ISSUE: What is the standard form of a Decision? Did the challenge Decision comply with the
aforesaid form?

RULING:
The decision shall be in writing, personally and directly prepared by the judge, stating clearly and
distinctly the facts and the law on which it is based, signed by the issuing magistrate, and filed
with the clerk of court. In general, the essential parts of a good decision consist of the following:
(1) statement of the case; (2) statement of facts; (3) issues or assignment of errors; (4) court
ruling, in which each issue is, as a rule, separately considered and resolved; and, finally, (5)
dispositive portion. The ponente may also opt to include an introduction or a prologue as well as
an epilogue, especially in cases in which controversial or novel issues are involved.
No. Counsel for SJS has utterly failed to convince the Court that there are enough factual and
legal bases to resolve the paramount issue. On the other hand, the Office of the Solicitor General
has sided with petitioner insofar as there are no facts supporting the SJS Petition and the assailed
Decision. The Petition failed to state directly the ultimate facts that it relied upon for its claim.
During the Oral Argument, counsel for SJS candidly admitted that there were no factual
allegations in its Petition for Declaratory Relief. Neither were there factual findings in the assailed

Decision. At best, SJS merely asked the trial court to answer a hypothetical question. In effect, it
merely sought an advisory opinion, the rendition of which was beyond the courts constitutional
mandate and jurisdiction.
Indeed, the assailed Decision was rendered in clear violation of the Constitution, because it made
no findings of facts and final disposition.

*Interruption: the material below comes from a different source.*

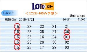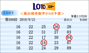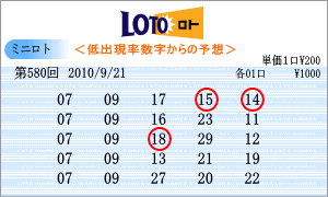 | 第580回を狙う予測範囲は、「03」・「04」・「07」・「08」・「09」・「14」・「15」・「16」・「17」・「17」・「22」・「23」・「24」となりました。直近30回で11回という「23」と「17」を連続候補としました。高確率はベスト2位の「16」と4位の「22」を。低確率はワースト1位の「09」と3位の「07」をそれぞれ軸数字としました。 |

Taruc vs. Bishop Dela Cruz


G.R. No. 144801. March 10, 2005
Facts:
Petitioners were lay members of the Philippine Independent Church (PIC). On June 28, 1993,
Bishop de la Cruz declared petitioners expelled/excommunicated from the Philippine Independent
Church. Because of the order of expulsion/excommunication, petitioners filed a complaint for
damages with preliminary injunction against Bishop de la Cruz before the Regional Trial
Court.They contended that their expulsion was illegal because it was done without trial thus
violating their right to due process of law.
Issue:
Whether or not there was a violation of religious rights in this case?
Held:
No. The expulsion/excommunication of members of a religious institution/organization is a matter
best left to the discretion of the officials, and the laws and canons, of said
institution/organization. It is not for the courts to exercise control over church authorities in the
performance of their discretionary and official functions. Rather, it is for the members of religious
institutions/organizations to conform to just church regulations. Civil Courts will not interfere in
the internal affairs of a religious organization except for the protection of civil or property rights.
Those rights may be the subject of litigation in a civil court, and the courts have jurisdiction to
determine controverted claims to the title, use, or possession of church property. Obviously,
there was no violation of a civil right in the present case.